Assignment:
Set down, exactly and only, everything from the line containing "291Candle Warmer Lamp" down to the line containing "(2) 事前に空気タンク内で" in the data below; the pictures are not part of the copy.

Dataset:

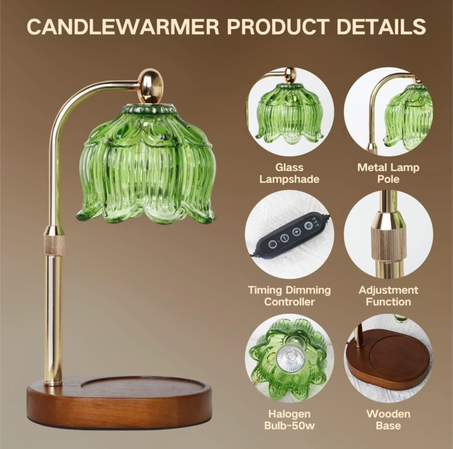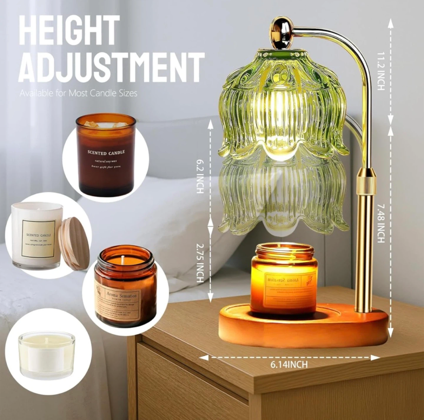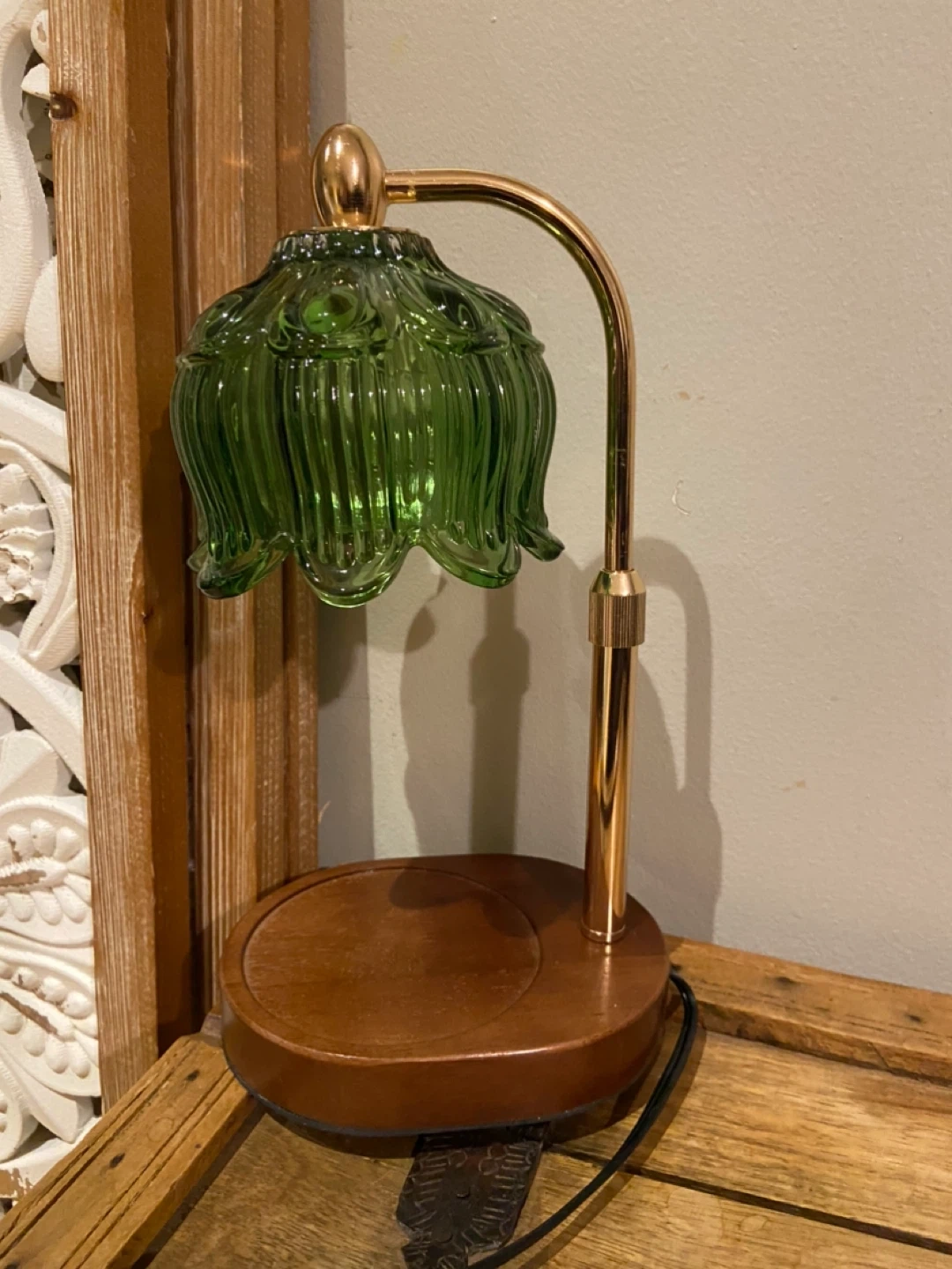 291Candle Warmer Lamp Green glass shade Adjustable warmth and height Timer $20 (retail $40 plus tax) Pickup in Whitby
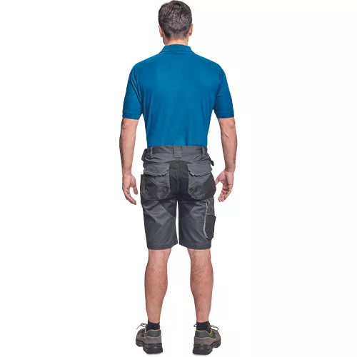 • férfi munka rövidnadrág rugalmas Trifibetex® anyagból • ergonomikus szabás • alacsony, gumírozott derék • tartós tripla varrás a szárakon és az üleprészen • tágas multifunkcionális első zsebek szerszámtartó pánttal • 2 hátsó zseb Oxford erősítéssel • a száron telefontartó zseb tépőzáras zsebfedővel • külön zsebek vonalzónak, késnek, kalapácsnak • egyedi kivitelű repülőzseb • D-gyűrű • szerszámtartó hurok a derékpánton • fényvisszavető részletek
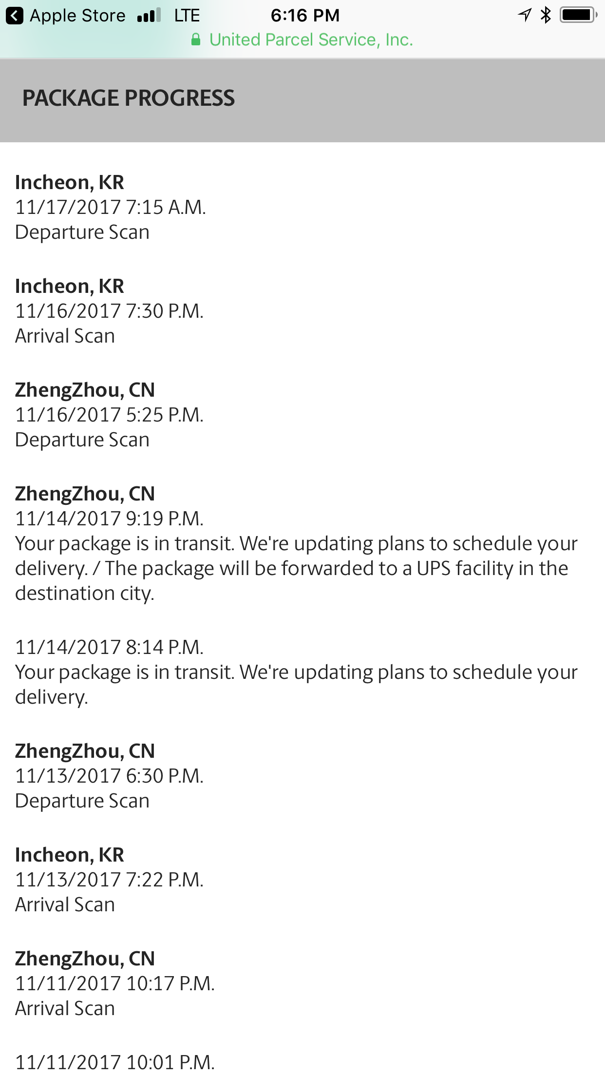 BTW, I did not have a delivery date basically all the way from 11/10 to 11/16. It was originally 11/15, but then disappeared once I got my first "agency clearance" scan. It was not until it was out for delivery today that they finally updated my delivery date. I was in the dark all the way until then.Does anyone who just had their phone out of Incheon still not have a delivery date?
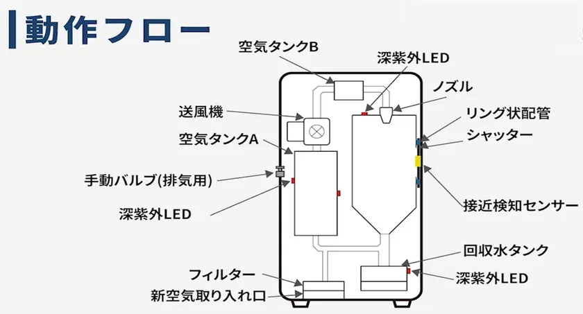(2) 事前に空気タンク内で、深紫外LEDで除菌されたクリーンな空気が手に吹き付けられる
---
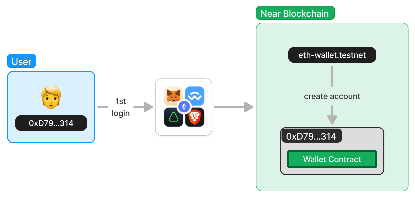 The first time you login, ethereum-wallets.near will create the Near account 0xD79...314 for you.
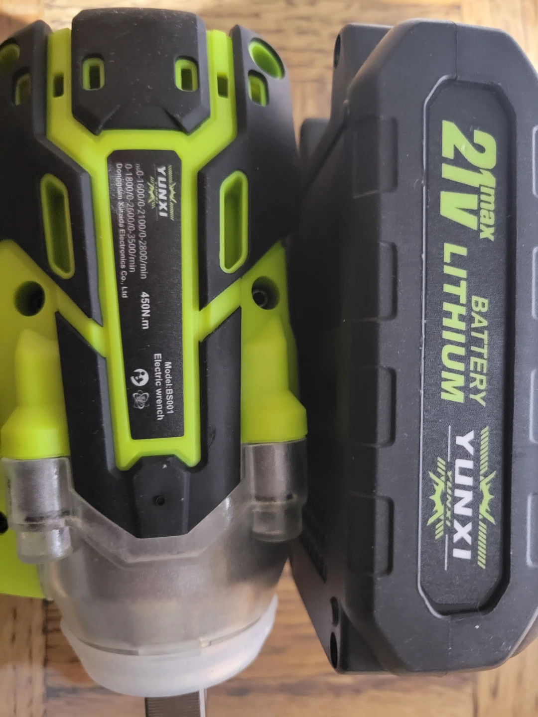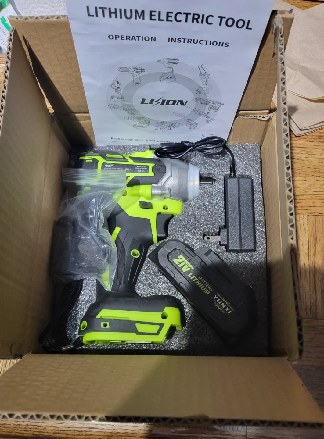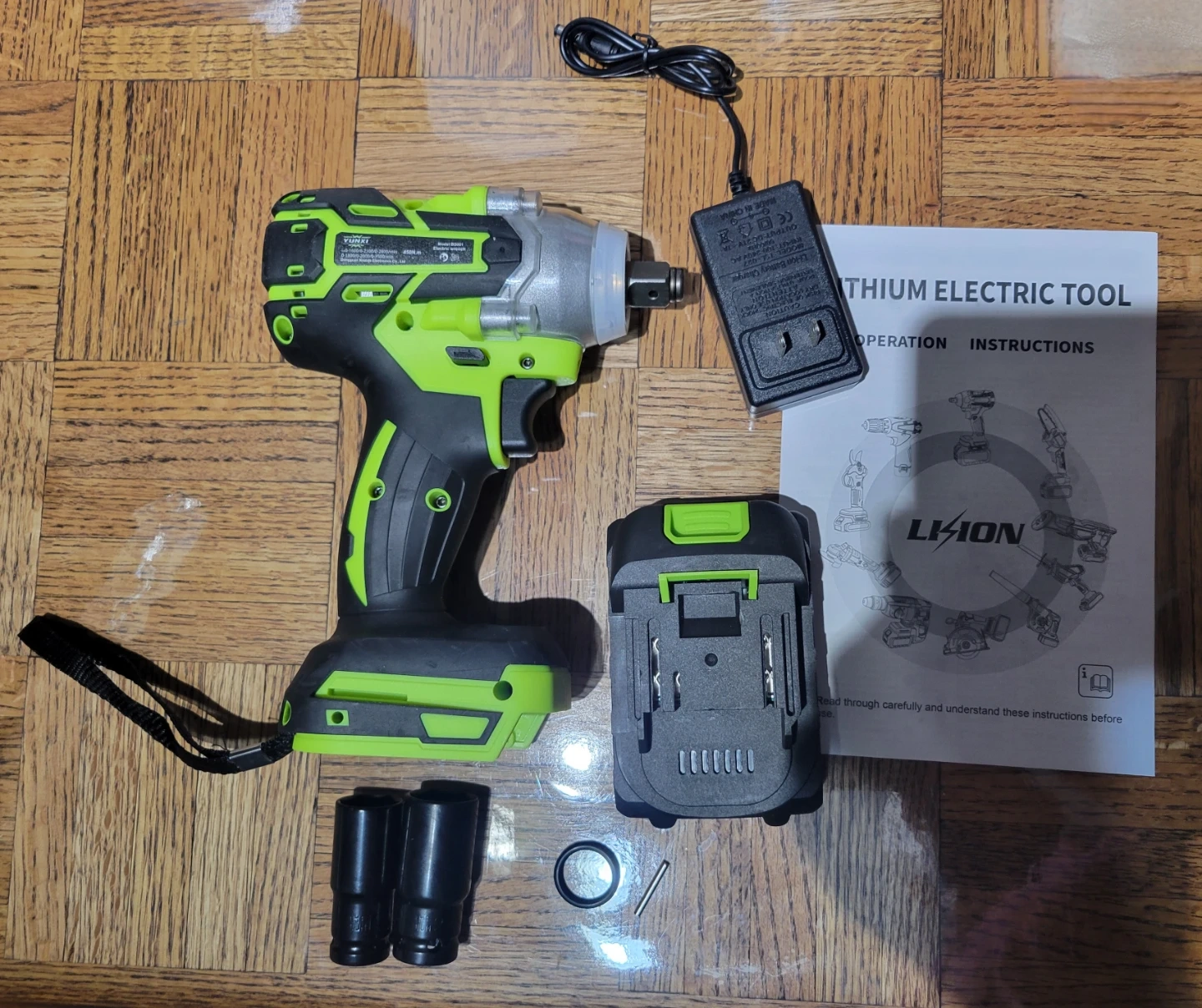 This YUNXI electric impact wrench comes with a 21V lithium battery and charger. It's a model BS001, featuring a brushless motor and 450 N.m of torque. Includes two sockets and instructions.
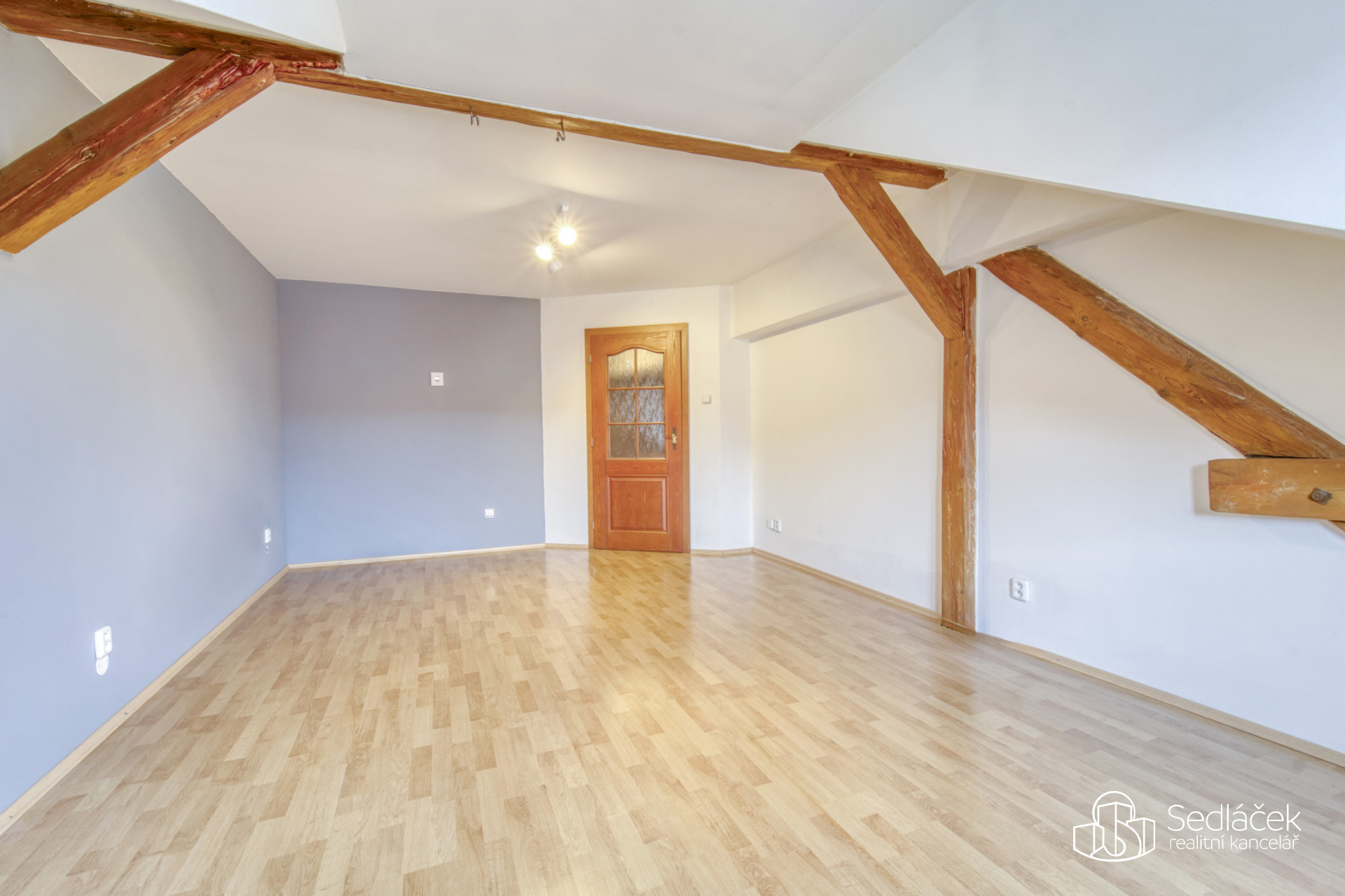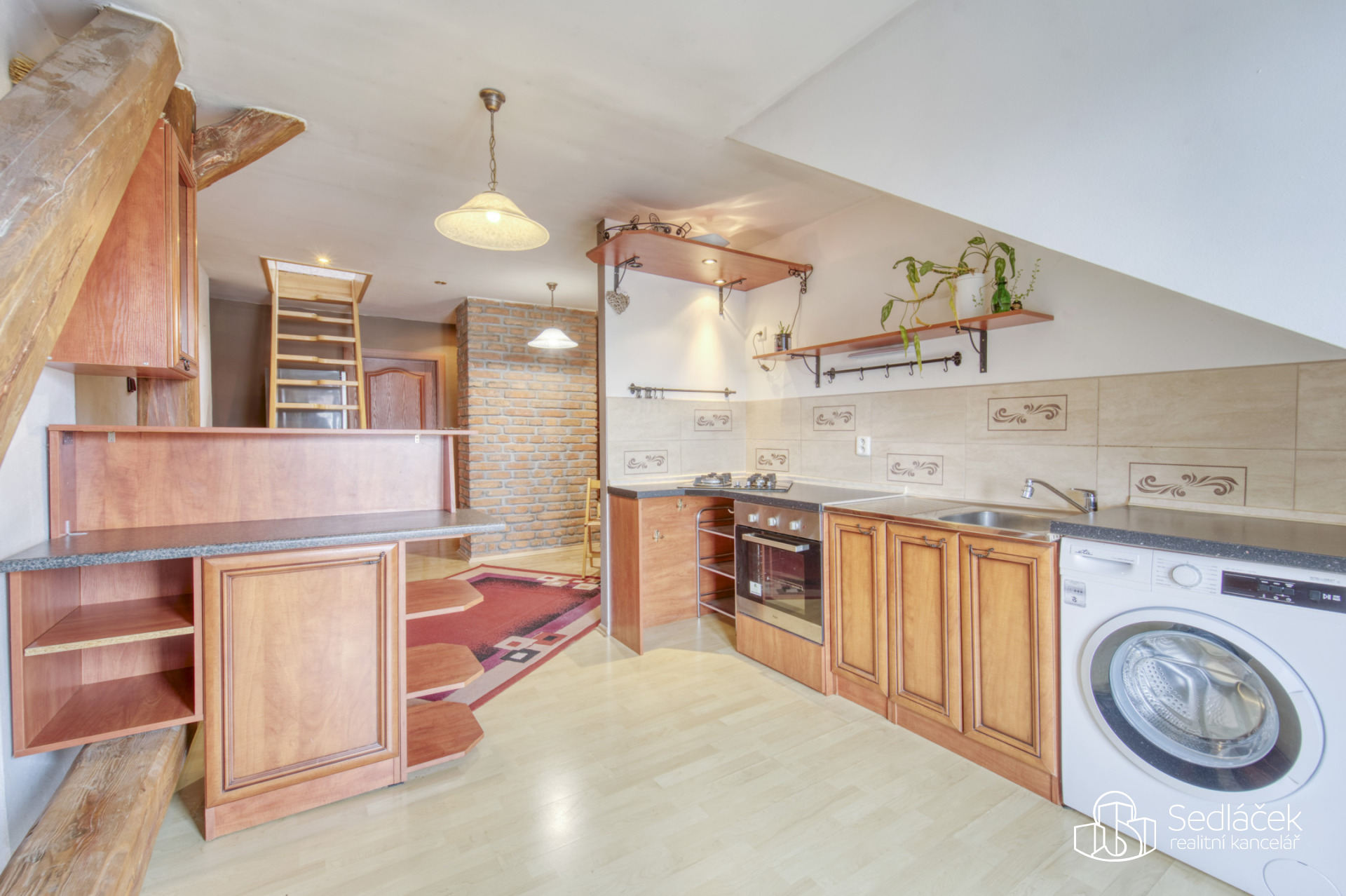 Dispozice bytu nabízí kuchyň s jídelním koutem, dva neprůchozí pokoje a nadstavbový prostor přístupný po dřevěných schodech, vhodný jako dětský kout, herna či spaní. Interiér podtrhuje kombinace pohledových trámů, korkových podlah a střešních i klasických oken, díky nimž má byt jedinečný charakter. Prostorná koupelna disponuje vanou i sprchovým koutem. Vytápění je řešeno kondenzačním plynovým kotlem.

Written reply:
 291Candle Warmer Lamp Green glass shade Adjustable warmth and height Timer $20 (retail $40 plus tax) Pickup in Whitby
 • férfi munka rövidnadrág rugalmas Trifibetex® anyagból • ergonomikus szabás • alacsony, gumírozott derék • tartós tripla varrás a szárakon és az üleprészen • tágas multifunkcionális első zsebek szerszámtartó pánttal • 2 hátsó zseb Oxford erősítéssel • a száron telefontartó zseb tépőzáras zsebfedővel • külön zsebek vonalzónak, késnek, kalapácsnak • egyedi kivitelű repülőzseb • D-gyűrű • szerszámtartó hurok a derékpánton • fényvisszavető részletek
 BTW, I did not have a delivery date basically all the way from 11/10 to 11/16. It was originally 11/15, but then disappeared once I got my first "agency clearance" scan. It was not until it was out for delivery today that they finally updated my delivery date. I was in the dark all the way until then.Does anyone who just had their phone out of Incheon still not have a delivery date?
(2) 事前に空気タンク内で、深紫外LEDで除菌されたクリーンな空気が手に吹き付けられる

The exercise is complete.